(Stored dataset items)
Segment Open
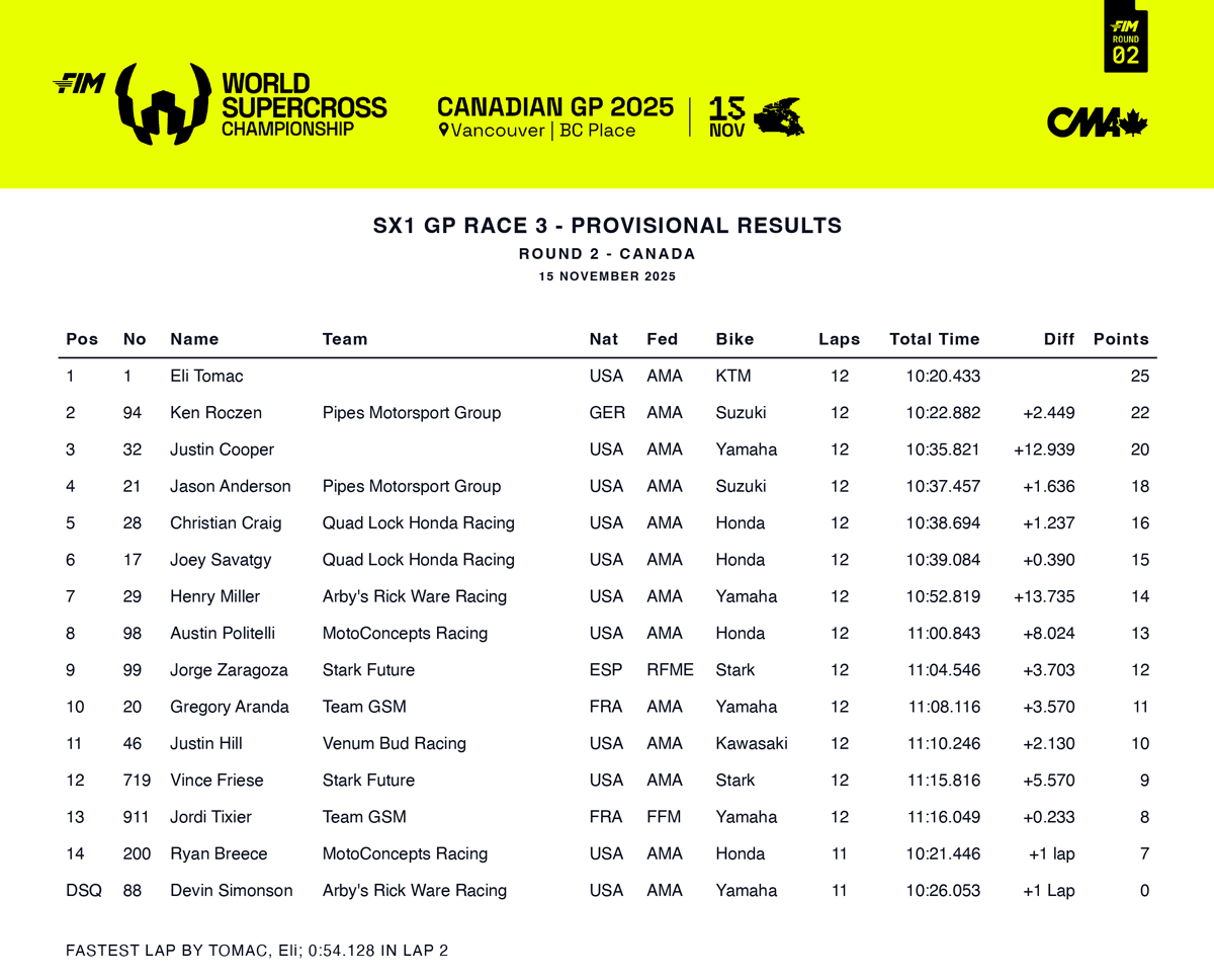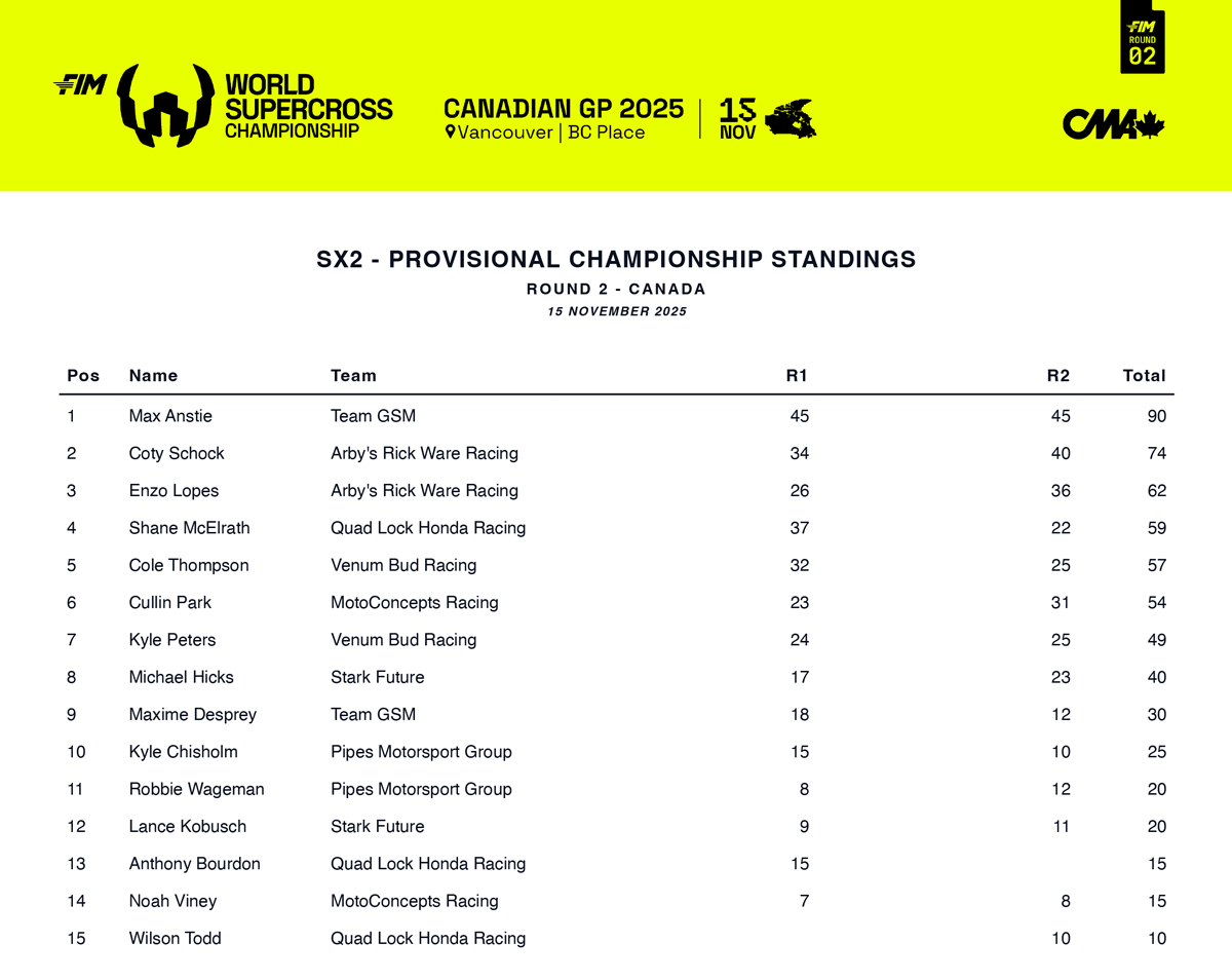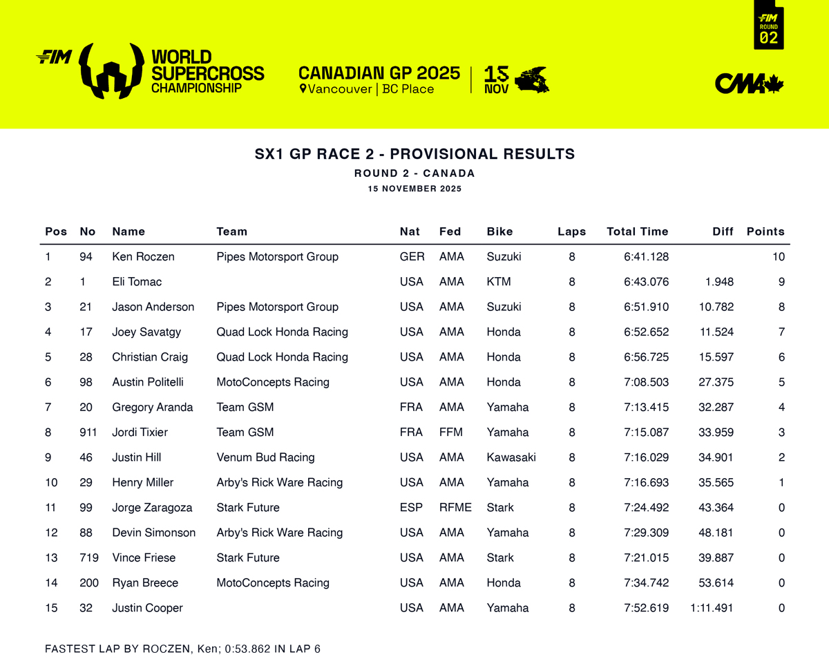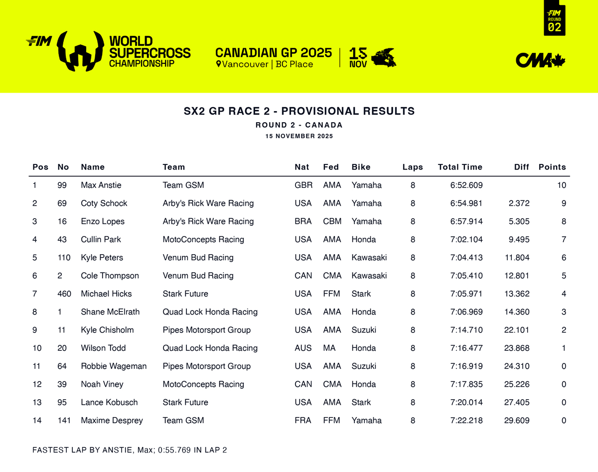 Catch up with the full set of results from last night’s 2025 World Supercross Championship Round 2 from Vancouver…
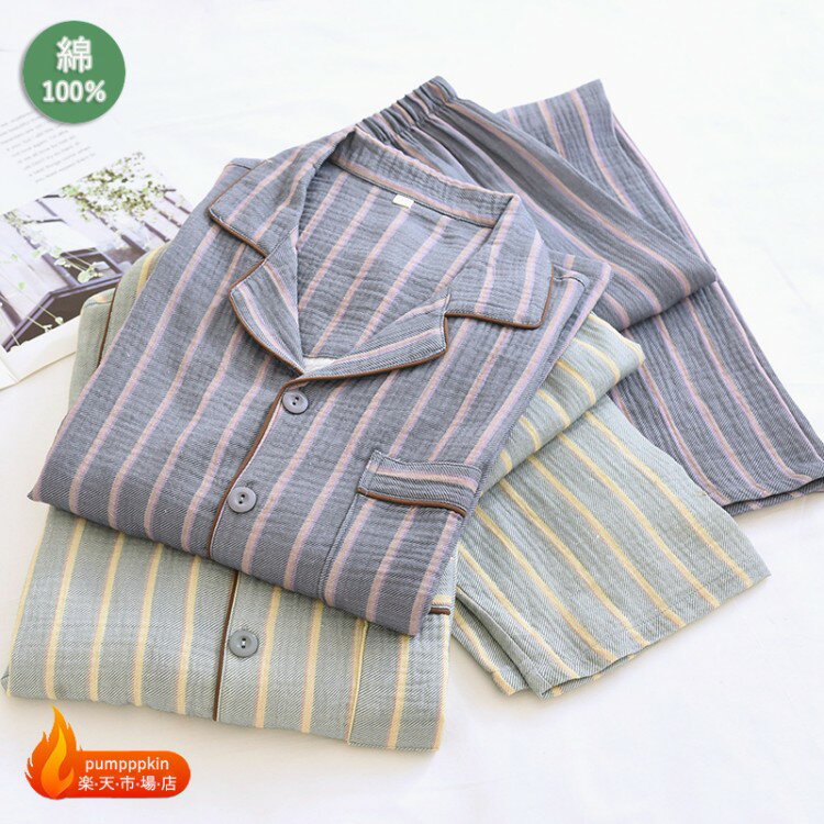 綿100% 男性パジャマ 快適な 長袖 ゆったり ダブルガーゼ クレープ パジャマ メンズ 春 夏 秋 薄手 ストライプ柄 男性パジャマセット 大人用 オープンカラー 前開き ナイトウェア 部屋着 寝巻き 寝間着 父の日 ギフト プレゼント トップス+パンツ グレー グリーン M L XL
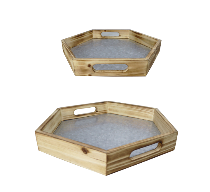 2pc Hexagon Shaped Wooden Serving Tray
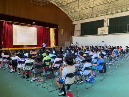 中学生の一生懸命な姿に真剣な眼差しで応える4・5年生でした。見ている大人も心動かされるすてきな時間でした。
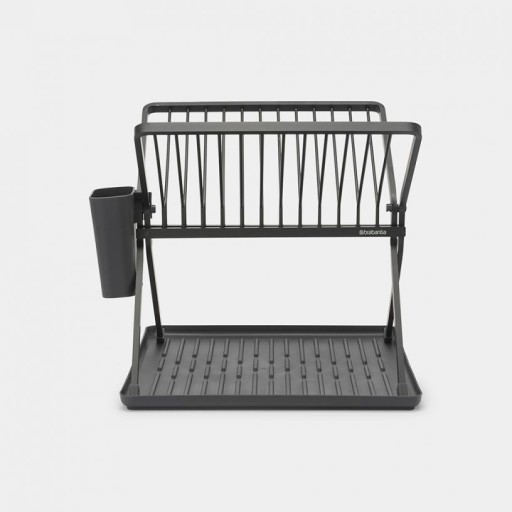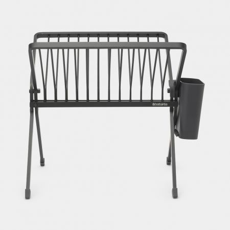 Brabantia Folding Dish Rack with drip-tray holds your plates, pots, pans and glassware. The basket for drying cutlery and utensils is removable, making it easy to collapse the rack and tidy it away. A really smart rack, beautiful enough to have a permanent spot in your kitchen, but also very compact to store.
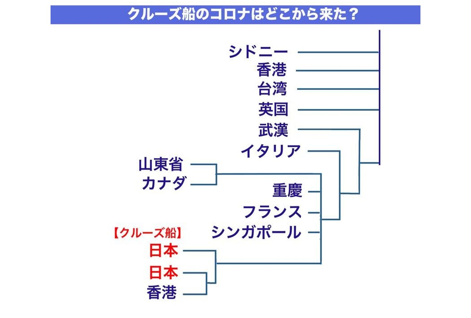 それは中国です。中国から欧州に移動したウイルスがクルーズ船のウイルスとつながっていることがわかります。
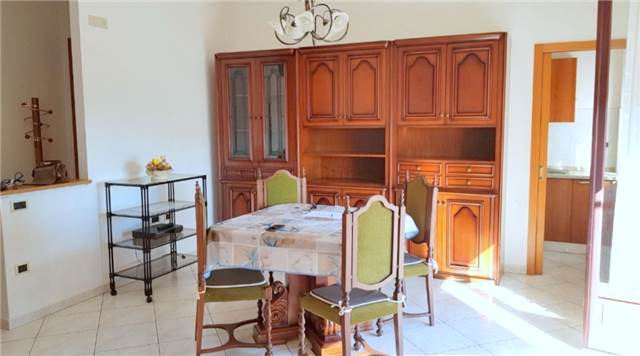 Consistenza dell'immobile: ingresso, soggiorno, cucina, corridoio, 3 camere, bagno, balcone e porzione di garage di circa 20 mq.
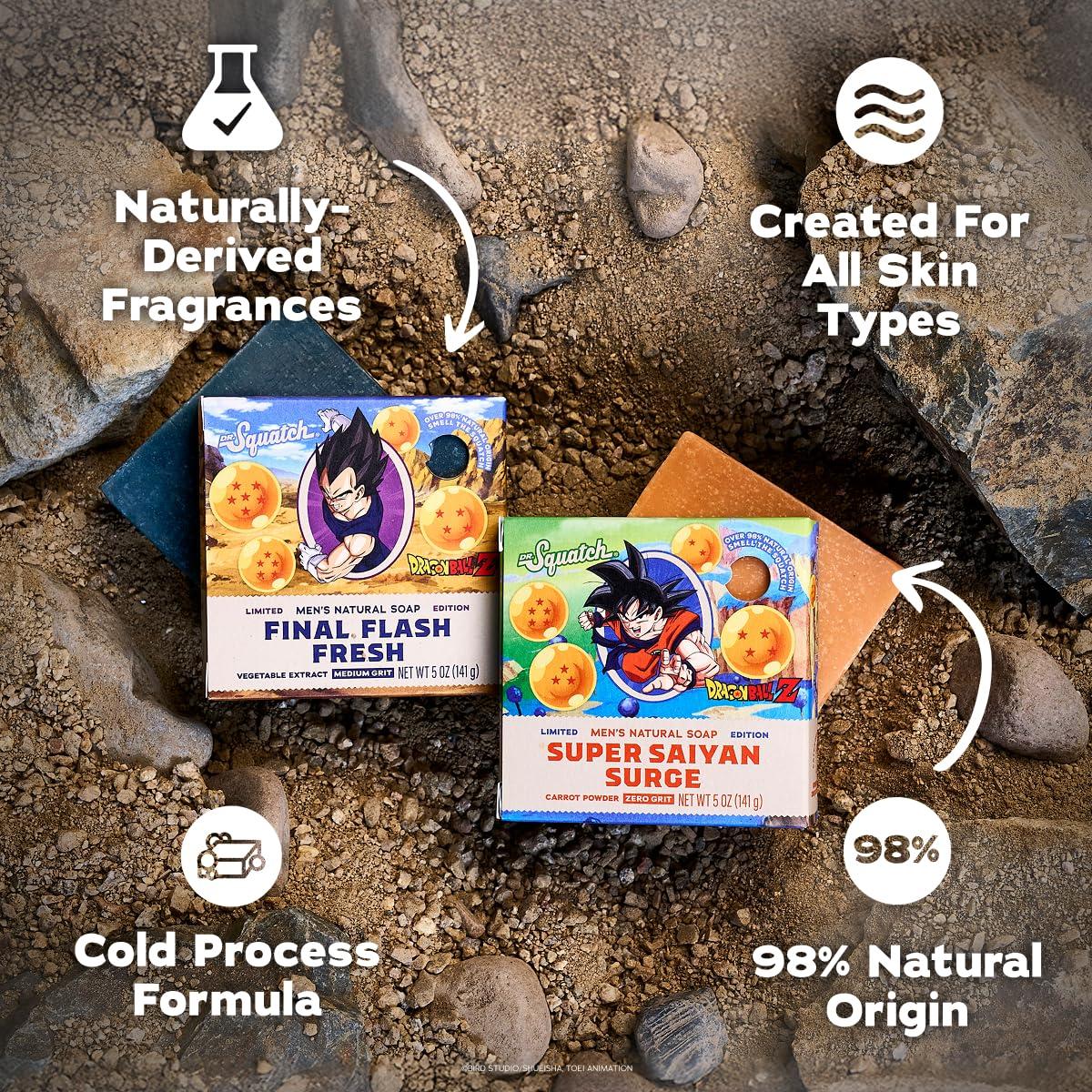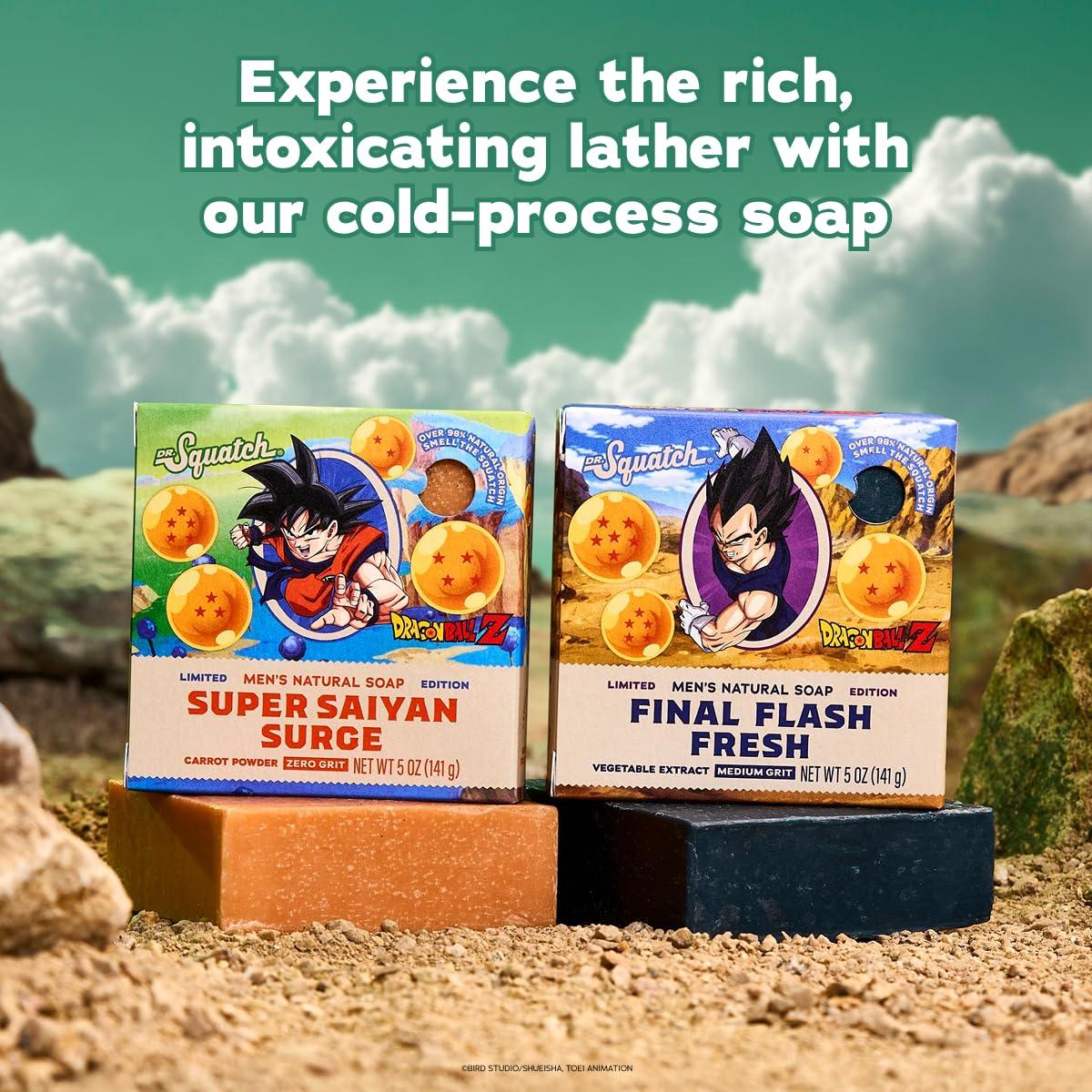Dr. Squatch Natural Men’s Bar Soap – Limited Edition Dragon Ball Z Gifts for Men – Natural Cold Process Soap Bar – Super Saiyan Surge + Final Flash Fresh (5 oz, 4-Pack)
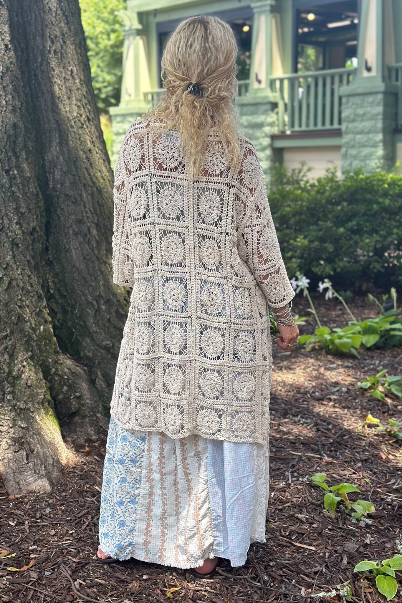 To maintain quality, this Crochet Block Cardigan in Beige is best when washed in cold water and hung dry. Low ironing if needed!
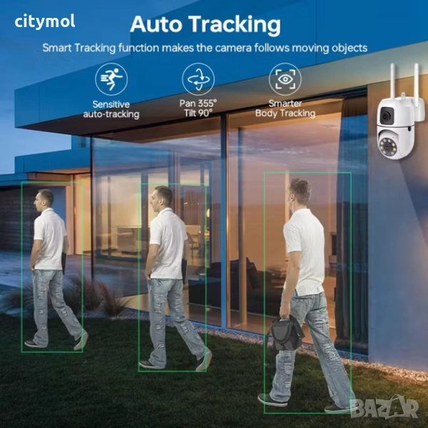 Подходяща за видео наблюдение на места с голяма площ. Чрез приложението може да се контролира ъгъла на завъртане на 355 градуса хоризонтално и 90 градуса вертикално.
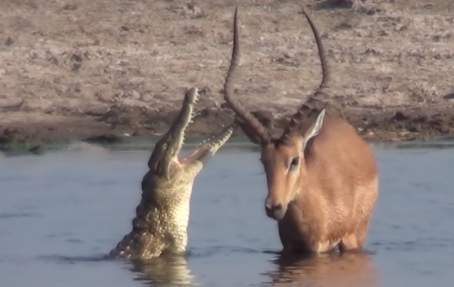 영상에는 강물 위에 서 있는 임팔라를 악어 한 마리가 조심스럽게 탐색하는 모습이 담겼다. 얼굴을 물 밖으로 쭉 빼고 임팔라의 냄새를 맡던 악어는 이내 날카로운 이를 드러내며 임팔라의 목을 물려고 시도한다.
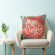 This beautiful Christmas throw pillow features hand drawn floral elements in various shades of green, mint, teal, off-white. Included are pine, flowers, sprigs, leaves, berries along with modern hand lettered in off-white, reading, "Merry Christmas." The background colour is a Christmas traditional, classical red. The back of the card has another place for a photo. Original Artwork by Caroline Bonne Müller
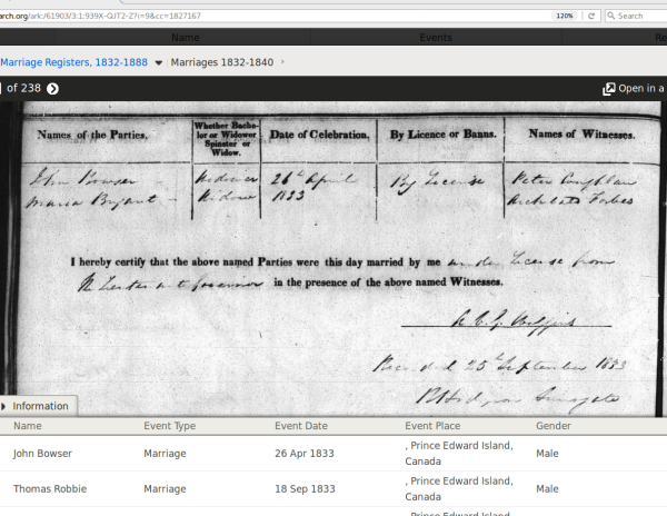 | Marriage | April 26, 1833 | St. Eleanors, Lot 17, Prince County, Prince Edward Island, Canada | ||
Segment Closed
**What is expected:**
An exact copy is needed of the entries above, starting at the line that holds "2pc Hexagon Shaped Wooden Serving Tray" and stopping at the line that holds "circa 20 mq.", both kept; pictures stay out.

**Response to this exercise:**
 2pc Hexagon Shaped Wooden Serving Tray
 中学生の一生懸命な姿に真剣な眼差しで応える4・5年生でした。見ている大人も心動かされるすてきな時間でした。
 Brabantia Folding Dish Rack with drip-tray holds your plates, pots, pans and glassware. The basket for drying cutlery and utensils is removable, making it easy to collapse the rack and tidy it away. A really smart rack, beautiful enough to have a permanent spot in your kitchen, but also very compact to store.
 それは中国です。中国から欧州に移動したウイルスがクルーズ船のウイルスとつながっていることがわかります。
 Consistenza dell'immobile: ingresso, soggiorno, cucina, corridoio, 3 camere, bagno, balcone e porzione di garage di circa 20 mq.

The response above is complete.